Social media is one of the main channels used by online bad guys to deliver malware to victims' computers, according to Symantec's latest Internet Security Threat Report, which also warned that more malware was being delivered to mobile devices (of course there's a great deal of potential for overlap between these two areas).
In 2010 Symantec identified over 286 million varieties of malware, which carried out a total 3.1 billion attacks on computers around the world, with the number of attacks conducted over the Web increasing 93% from 2009. Facebook is obviously one of the main targets, and Symantec illustrated the chinks in Facebook's security armor with an app (created using Facebook APIs) that lets hackers see personal information on profiles which are supposed to be closed to the general public.

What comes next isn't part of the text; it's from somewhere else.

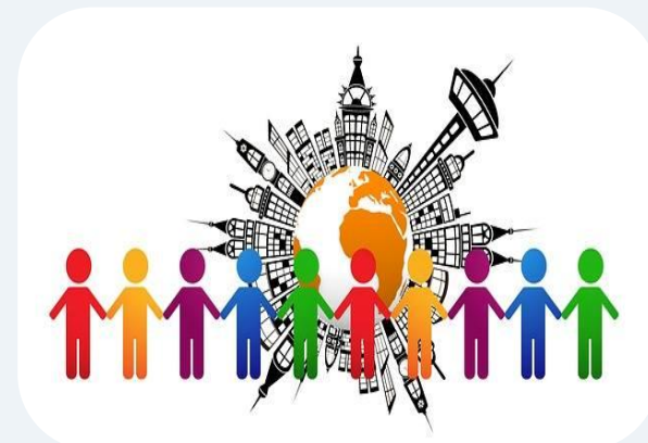
Інститут захисту інформаційних прав громадян

On average, privacy breaches resulting from malware hacks resulted in 260,000 online identities being compromised, Symantec said -- far more than result from other causes of privacy breaches, for example slipshod privacy management by social networks themselves.
Symantec also drew particular attention to the growing popularity of shortened URLs, which dominate sites like Twitter, as a risk factor in malware attacks, since people click on them without necessarily knowing where they lead. According to Symantec, shortened URLs made up fully 65% of the malicious URLs observed on social networks during a special three-month investigation.
Also contributing to the surge in malware is the increasing popularity of smartphones, especially those carrying the Android operating system. While there's relatively little potential profit in smartphone attacks currently, it could become a lucrative area for malicious hacking as consumers begin doing more banking and purchases over their phones.